Gemma is just not as efficient at KV cache / context size per token. But 26B is quite manageable, try smaller quant -- UD-Q4_K_XL with 192K context is 21GB.
KageYume@reddit (OP)
Thank you. I will try -np 1 and download a Q4_K_M just in case I need longer context.
Velocita84@reddit
I just tried it and it seems incredibly good at translating doujinshi dialogue for its size, i threw a pretty difficult transcribed bubble at it and it translated it pretty much flawlessly, unlike many other models that i could run. I'm also surprised that it doesn't complain about nsfw at all
Tenerezza@reddit
You can free up \~2-3GB vram by removing or moving the mmopro file away from the same folder as the model, this will disable the vision support, so i just recommend moving so you can put it back the times you need it but it's not needed for translating texts.

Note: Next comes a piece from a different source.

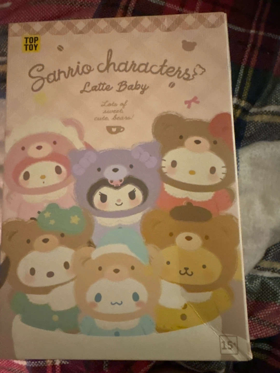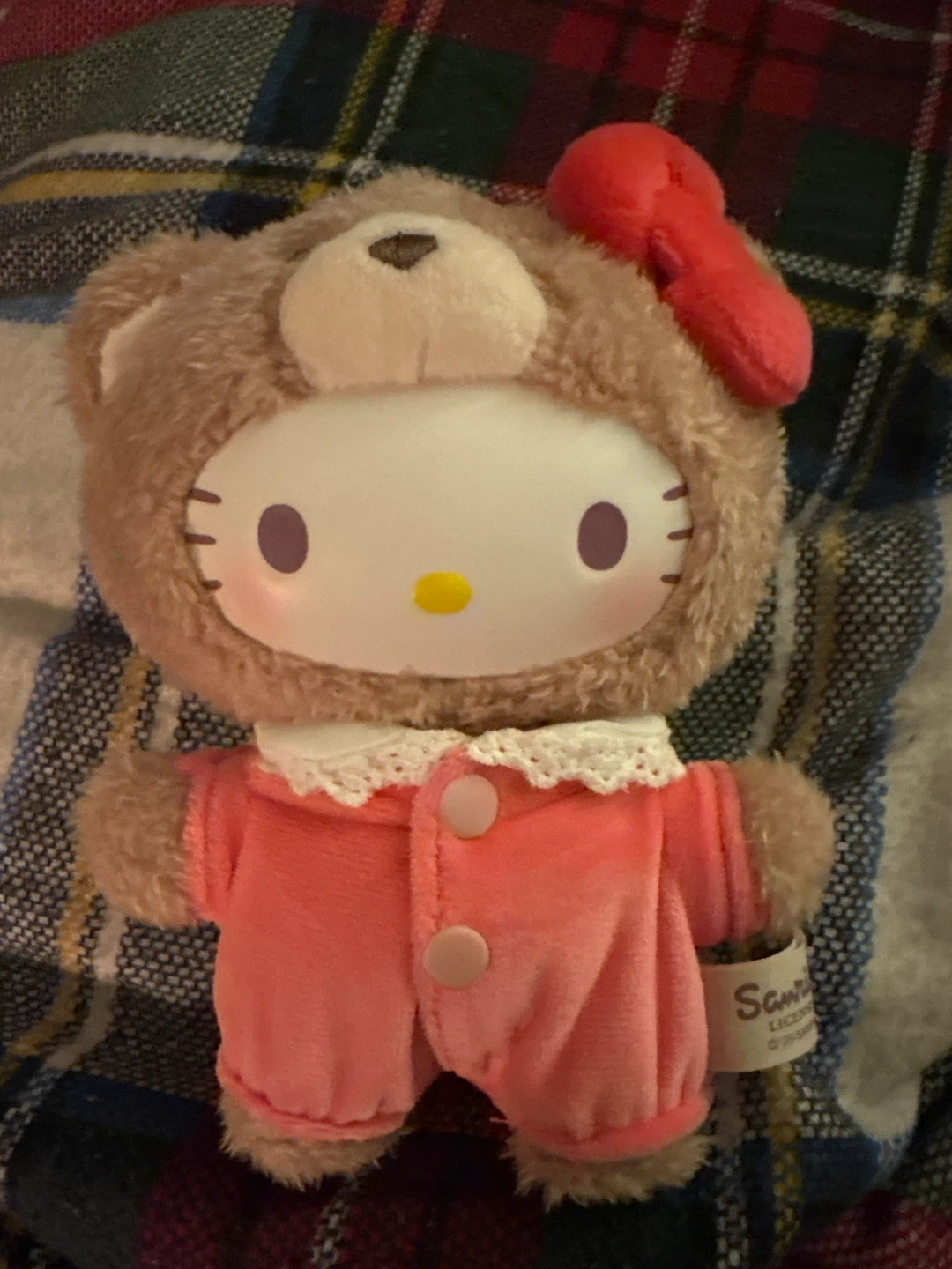 This is a cute Sanrio Characters Latte Baby plush toy featuring Hello Kitty dressed in a bear costume. It's made of soft, fuzzy material and has a sweet outfit. A delightful collectible for any Sanrio fan!

With that said i'm curious about your python script for structuring up the data, haven't thoght of doing that myself.
KageYume@reddit (OP)
I already renamed the vision files and moved it to a subfolder in the sample so that the model size is only 20.6GB but after loading it tooks 23.4GB VRAM at only 8K context length...
Regarding the structured text, it looks like this.
I've added link to both the script and system prompt to the top post.